The line to get into the house was pretty long from the moment it opened. Partly that was the demand for all things Poe, partly the limited hours after being shuttered for so long, and mostly because they can only allow 15 people at a time into the house.

Because, man, it’s small.


Poe lived there in the early 1830s with four of his relatives. It was half of a freestanding duplex at the time, an artist’s rendition of which you can see in one of the included pictures. The place has three bedrooms upstairs and two small rooms below. While he lived there, he couldn’t have put more than three words together without slinging ink at a housemate.

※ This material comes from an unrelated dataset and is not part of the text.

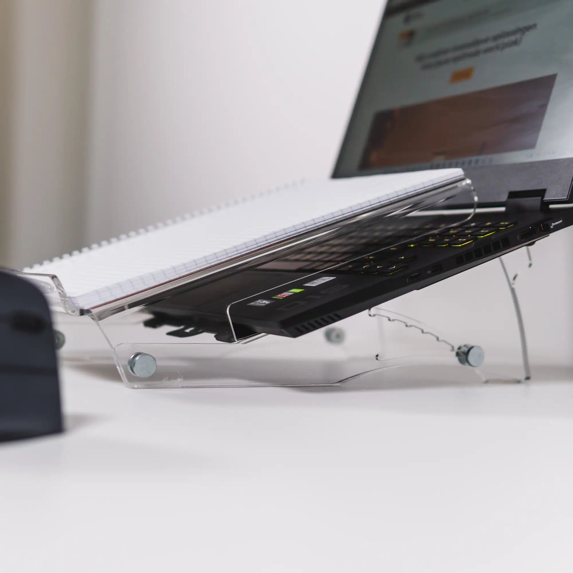 Om het je nog makkelijker te maken bestaan er nu ook laptopverhogers die je kan vastplakken onderaan je laptop. Zo heb je hem altijd bij de hand en kan je hem zeker niet vergeten.

However, despite its humbleness, this is the home where he met his wife. The home where he wrote Berenice and King Pest (two of my favorite and too-often-overlooked works of his). The home where he lived when his MS. Found in a Bottle won $50 dollars in a short story contest for the local paper, helping to jumpstart his writing career.

Fortunately the line for the Poe House moved pretty fast. Unfortunately, that’s because there’s not much to see inside. A tea set, a telescope, and a chair…all of them related to Poe to varying degrees, the two former of which being possessions of his foster family, the Allans, and probably used by Edgar, and the chair being supposedly his. The most interesting item is the small, portable writing desk that, while also the property of the Allans, might have been taken with him during his short stint as a student at the University of Virginia.


Poe’s room is in the attic, and only one person at a time is allowed to slither up the narrow, ladder-like steps to poke their head over the glass barrier that prevents entry and peer around. It’s furnished with period pieces.



But that’s cool. The house itself is really the artifact. And it’s only one of three of Poe’s homes still extant in the country, the other two being in the Bronx and Philadelphia. And maybe that’s two more than most famous authors get, but still this is Poe, we’re talking about here.

I’ll go deeper into my my experience at the Poe House in my book, but the point here is that no longer do I have to feel the weighty, private shame every time I read about his life in Baltimore, see a Ravens game on TV, or travel home for the holidays. I’ve now trod the boards of Poe’s house. Squirmed up its tiny staircases. Stared at its bare walls like I assume they did in that pre-television era.

Basically, I’ve been to what should be one of the most touted places in my home state. Maybe when it opens next year, it’ll finally become that.

Oh, and, so you know, I wrote most of this post in an airport bar playing Cream’s greatest hits after three amaretto sours and having just read the chilling ending of Thomas Tryon’s Harvest Home. So if the mood of this post reads weird that’s why.